Here is a list of all the postings Pero has made in our forums. Click on a thread name to jump to the thread.

Thread: why long holes are bent ?
14/07/2022 04:03:23

3.3 mm drills are reasonably flexible and will take the path of least resistance in a deep hole, i.e. relative to the diameter of the drill. The fact that the bend appears to occur at a specific location suggests that there may be a hard spot in the aluminium ( not an unusual occurrence ) at that point and the drill has deviated either enough to go around it or to the point where it will not bend further and forces its way through.

I suspect that someone will be along shortly to provide a formula for drill diameter, hole depth and flex in a uniform material but I don't think that is what is happening here.

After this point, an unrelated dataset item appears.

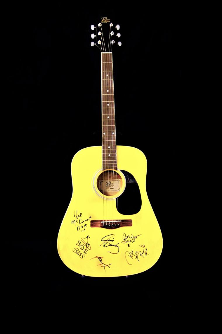 DescriptionA Rogue RD80 acoustic guitar autographed by Jim "Dandy" Mangrum, Ricky Lee Reynolds, Johnnie Bolen, George Hughen, and Hal McCormick members of Black Oak Arkansas. The guitar is part of the Old State House Museum, Barton Coliseum's Concert Collection.Status

Thread: For all you Myford owners
28/06/2022 05:06:18

What seems to being suggested ( I haven't watched the videos ) is that components are being produced in a number of small ( ? ) specialist workshops and then being brought together by Myfords for final assembly and testing.

This, as I understand it, is a similar model to that used by Cowells. I haven't heard too many complaints about Cowells machines and their quality and I certainly have no complaints about mine..

This production method seems to be the model used today in all multi component products ranging from motor cars to aircraft and rockets. The days of everything being done in-house seems to be a thing of the past. A pity in some ways but entirely sensible when you think about it, but quality control is always the overriding determinant.


Thread: Silver Solder Storage
13/06/2022 07:05:54

I use the conduit system but use a glued conduit end cap at one end for greater security. It is a pain if an unglued end cap ( or cork ) pops off and the whole lot ends up on the floor.

As conduits are available in a wide range of sizes ( for electricity, telecommunications, water and drainage ) and can be cut to any desired length they can be used to store a wide range of materials.

Also, if you glue a cap to each end and then cut the tube in half lengthways they can also be used for open storage (in a suitable rack ) for smaller material such as threaded rod and small section tubing. I have seen this idea described before but I am not quite sure when and where.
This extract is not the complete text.